FOCUS Online: Welche Lösungsansätze sehen Sie?

Buschkowsky: Bei mir liegt der einzig mögliche Ansatzpunkt immer bei den jungen Menschen. Die Gesellschaft ist in der Verantwortung, dass die Kinder in ihren Werten erzogen werden. Unsere westliche Welt, die demokratische Gesellschaftsordnung mit ihren universellen Menschenrechten bietet jedem Menschen die Chance auf ein selbstbestimmtes Leben. Er ist kein willenloses Rädchen einer Gesamtheit, dessen einzige Aufgabe es ist, zu funktionieren und der gottgefügten Schöpfung gehorsam zu dienen. Wir müssen den Kindern daher zeigen, welche Chancen das Leben für sie bereithält, wir müssen sie kreativ und kritikfähig machen, ihnen Lebenshunger einpflanzen, damit sie wegkommen vom Vorgekauten. Wir müssen ein anderes Bewusstsein in die Köpfe bringen. Dafür brauchen wir ein besseres Bildungssystem als bisher. Im Grunde ist es der Kampf gegen Bildungsarmut und tradiertem Patriarchat. Es sind Kinder dieser Gesellschaft, unsere Kinder.

FOCUS Online: Wie wollen Sie das konkret bewerkstelligen?

Buschkowsky: Ich bin immer noch für eine Kindergartenpflicht und fordere nach wie vor den Umbau aller unserer Schulen zu verbindlichen Ganztagsschulen.

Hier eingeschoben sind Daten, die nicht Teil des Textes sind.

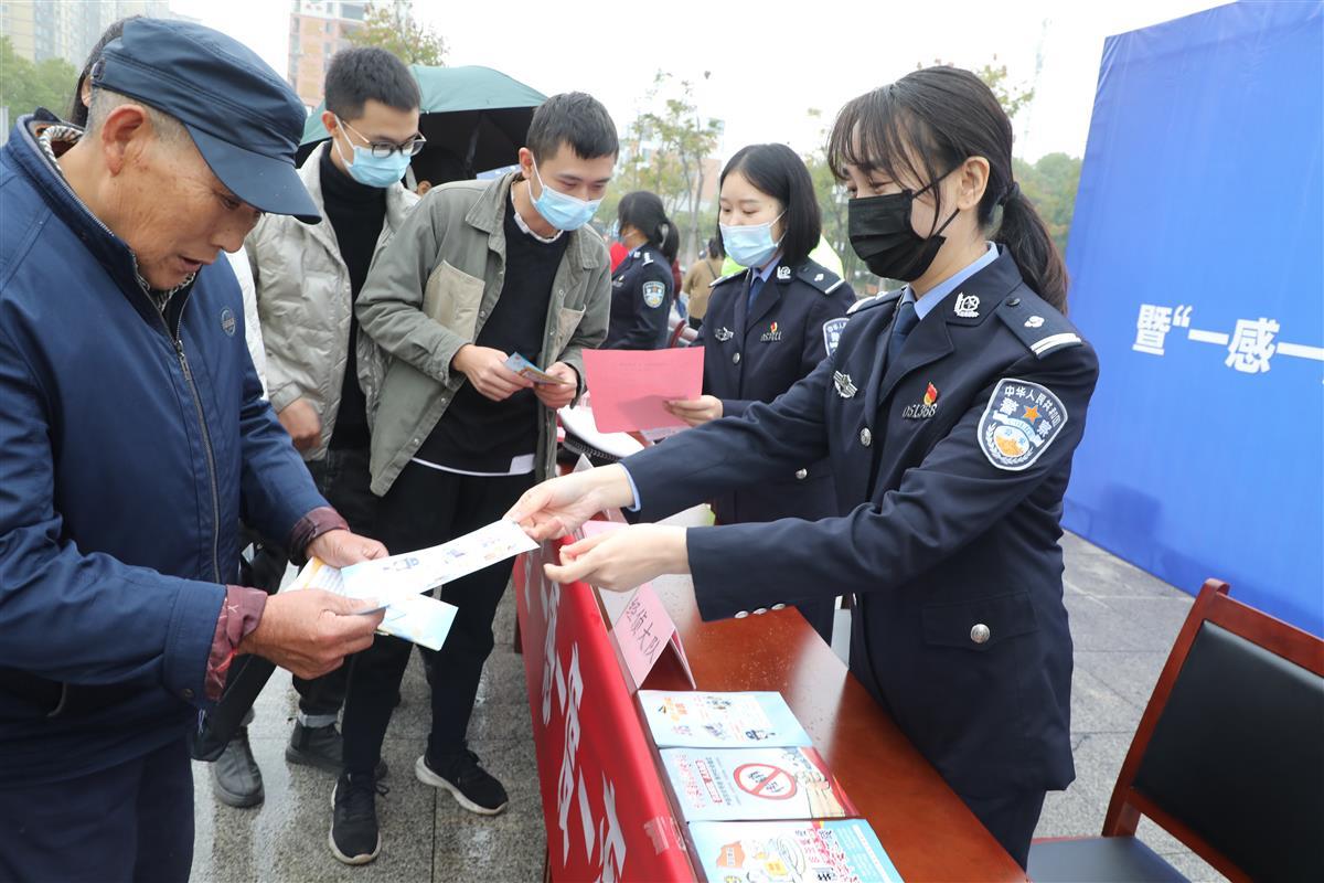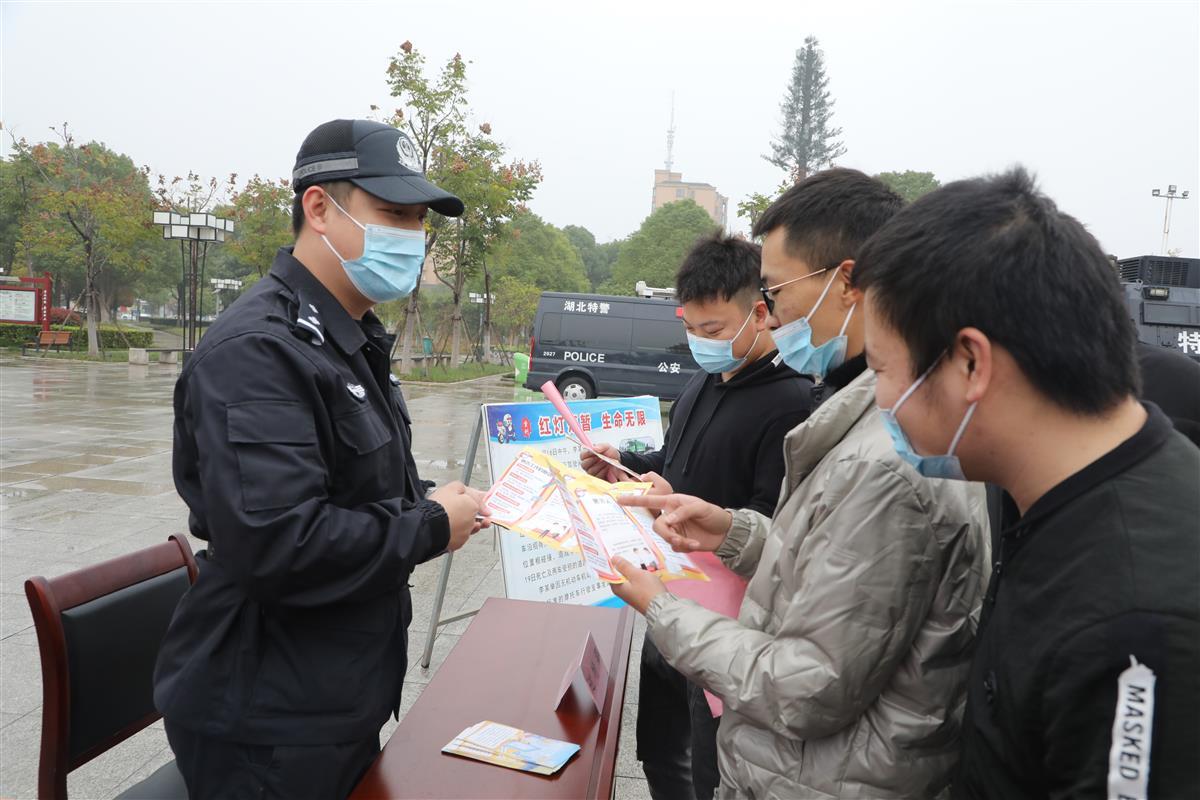 11月18日上午,江陵县公安局通过设置宣传咨询台,邀请基层派出所、刑侦、治安、禁毒、交警等警种的民警现场接受群众的咨询,耐心解答群众的疑惑和问题,并向群众宣讲反诈、禁毒、交通安全等常识。

Dort, wo es in den Städten nicht so rund läuft, sollen die besten und unverbrauchten Lehrer in die Schulen. Die Qualität der Lehrkraft ist wichtiger als die Klassengröße. Ich finde, junge Lehrer sollten nach der Uni die ersten vier Semester im sozialen Brennpunkt arbeiten. Schulen sollten die Kompetenz erhalten, sich ihre Lehrer selbst auszusuchen. Die frühe Sozialisation der Kinder im Kindergarten würde dazu führen, dass es nicht mehr so ist, dass bis zur Hälfte der Kinder ohne ausreichende deutsche Sprache eingeschult werden, obwohl auch ihre Eltern bereits in Deutschland geboren, aufgewachsen und zur Schule gegangen sind.

FOCUS Online: Was ist mit den Migranten, die sich ausgegrenzt fühlen?

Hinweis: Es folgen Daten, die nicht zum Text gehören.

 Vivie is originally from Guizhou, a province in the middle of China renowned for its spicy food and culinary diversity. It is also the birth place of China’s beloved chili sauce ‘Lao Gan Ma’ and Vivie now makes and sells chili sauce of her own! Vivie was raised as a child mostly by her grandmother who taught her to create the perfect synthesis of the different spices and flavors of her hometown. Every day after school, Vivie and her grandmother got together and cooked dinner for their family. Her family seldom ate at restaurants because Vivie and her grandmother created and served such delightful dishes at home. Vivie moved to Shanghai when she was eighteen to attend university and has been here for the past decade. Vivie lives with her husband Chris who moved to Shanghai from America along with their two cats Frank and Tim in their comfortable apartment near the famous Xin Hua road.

Buschkowsky: Im Moment fallen zu viele junge Leute, insbesondere die Kinder der Einwanderer aus dem Bildungssystem. Wir transferieren sie dann nahtlos von der Schule ins Jobcenter. Fehlende Schulabschlüsse, mangelnde Kompetenzen beim Rechnen, Lesen und Schreiben sind die Gründe. Sie wollen alle ein schickes Auto und Wohlstand. Bekommen sie es nicht, dann liegt es für sie daran, dass sie diskriminiert und ausgegrenzt werden oder unsere Gesellschaft ausländerfeindlich ist. Dabei sind sie gar keine Ausländer. Aber sie fühlen sich vernachlässigt und ungeliebt. Und dann kommt der Religionswerber. Er kann im positiven Fall Halt und Lebenssinn geben. Aber er kann sie auch zum Fundamentalismus führen: „Komm zu uns, bei uns bist du wer. Wir sind eine gottgefällige Gemeinschaft. Wir verachten dich nicht, wie es die Ungläubigen tun.“ Wenn dann junge Menschen in solchen Religionslehrern ihre Zukunft sehen, dann hat die Gesellschaft etwas verpennt.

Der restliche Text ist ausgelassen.